1997-06-20 Thread Debian user mail

On Fri, 20 Jun 1997, Rick Hawkins wrote:

   They will go on a machine with 3 200m ide drives, which will be a 
   poor-man's
   server.  My current thinking is to mount / on the first controller, and
   use the other pair as /usr on the second interface.  /usr will be NFS
   exported.  Or would I be better off putting the two /usr drives on
   separate controllers?

  I'd think it was better to mount them across separate controllers.  With
  seperate control and data lines, the kernel can issue two simultaneous
  requests and get data from both at the same time.  My understanding with
  IDE (and EIDE) is that a single controller can only access a single
  drive at a time and must wait for that request to finish before issuing
  another.
 
 The reason i'm hesitating to put them on separate controllers is that /
 is also on the first controller.  Everything that gets nfs exported will
 come off /usr, and my concern is that massive hits to the portion that
 was slaved could leave / unaccesable to the host.

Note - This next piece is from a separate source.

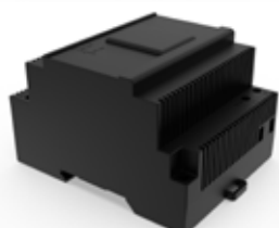
SL2712 Switching Power Supply 24V dc 2.5 A DIN rail mounting Dim.: 3 modules 52.5x90x54.5 mm (WxHxD)

Assuming you don't plan to add an ISA IDE/EIDE controller (I've seen them,
and I think someone is running Debian with one (giving them three or even
four IDE controllers)), I would suggest running both disks on the second
controller and using linear, although that's merely a guess, not a result
of actual testing.

I had a 2x3.1GB RAID0 md array, with both disks as slaves.  I had 2x120M
swap areas, one on each of the masters.  If mirror was running, it was
trying to access the (slave) array while swapping to the (master) swap
area(s).  Horrible performance!

Don't think about putting / on md...without a non-md partition, you can't
read the kernel, and without the kernel you can't load the md stuff.  _DO_
compile md into the kernel, it'll be much easier to use than if it is
modularized.

One bad note to put forth: Concurrent with a local storm and power failure
(though I don't think it was related), my Linux host choked.  Upon reboot,
fsck on the md array failed (some sort of internal error).  With my
limited knowledge of filesystems, I couldn't fix it and was forced to
rebuild my data.  As a result, I chose to remove the md array and
downgrade my disk usage (I had a mirror on it, so I just had to give up
breathing room and Debian 1.1, only weeks before the release of 1.3 so I
wasn't too bummed).  In doing so, I rearranged partitions so that / and
/usr were on different controllers, swap was on the same disk as /, and
got much better performance than before.  Very well worth it, but too many
changes (and too many other space commitments) to possibly restore the md
array and see how performance was after the repartitioning.  Sorry I can't
verify that speed.

And, make sure your drives DON'T spin down ever (I used hdparm -S 0 I
think to stop that behavior).

HTH,

Pete

--
Peter J. Templin, Jr.   Client Services Analyst
Computer  Communication Services   tel: (717) 524-1590
Bucknell University [EMAIL PROTECTED]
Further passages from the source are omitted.